Holleman does a lot of his searching with a Heddon Saltwater Super Spook Jr. Most who rely on topwaters to “find” aggressive fish will keep a subsurface bait like a lead-head jig with a paddletail or a soft-plastic jerkbait handy for follow-up shots at fish that either miss a topwater bite or show their position by following or swirling behind the bait.

For reaching into the water column, shallow-diving lures like the Booyah Flashpoint Jr. and the Cotton Cordell Redfin, along with suspending baits such as the MirroLure MirroDine will tempt marsh fish. Here, Randazzo likes soft plastics matched with heavy duty jig spinners as well as shallow-diving crankbaits. Similarly, retrieving a bladed jig through scattered marsh grass can produce fireworks.

In Georgia’s famous Golden Isles marsh tucked between mainland Brunswick and Jekyll and St. Simons islands, Capt. Greg Hildreth often arms his clients with one of the most effective and user-friendly of marsh tools — the popping cork. Rigging a live shrimp on a No. 4 kahle hook and hanging it on a 2 1/2-foot leader under a Bomber Saltwater Grade Paradise Popper XTreme allows anglers to chug and pop the cork to attract attention from trout and other gamefish.

Predators respond to the commotion and then find the vulnerable bait too easy to resist. Adjusting cadence and intensity to match the day’s complexion helps you dial in what the fish want.

Elsewhere, anglers may opt to suspend a jig and paddletail or an artificial shrimp under the cork. In any case, the popping cork rig casts well, it offers an immediate strike detector and it facilitates targeted drift presentations.
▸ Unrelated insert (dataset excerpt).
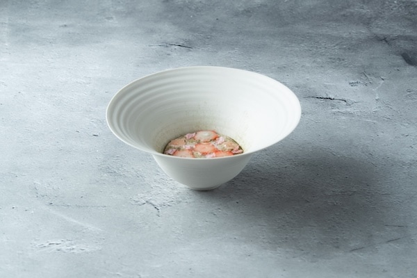 中盤に登場する「苺のリオレ仕立て」は、イタリア米に赤米を加えた牛乳がゆ(リオレ)に、桜の葉のパウダーを散らした一皿だ。甘さの中にほのかな塩気と桜の香りが漂い、桜餅を思わせる余韻に仕上げている。

“I’ll target rips around oyster beds during the pull of the tide,” Hildreth said. “Some points are better on the incoming tide, and some are better on the outgoing. You just have to scout around.

There are intricacies to tides and structure in a salt marsh habitat that can make learning small areas well more productive than running and gunning.
David A. Brown

One Last Tip

Ultimately, Randazzo expects his best marsh opportunities in areas with cleaner water, ample food supplies and water moving through/past strategic feeding spots. Closing with a strategy tip, he suggests a measured approach to prospecting a vast marsh.

“I advise fishing relatively small areas (less than 5 square miles),” Randazzo said. “Get to know one area intimately before moving around to new areas.

“There are so many little intricacies that take time to learn that you will benefit far more from spending extra time in one area before striking it off your favorites list and moving to other areas.”

“I’ll throw out the cork rig, keep one finger on my open bail and just let the rig float downcurrent. You’re covering a lot of ground that way.”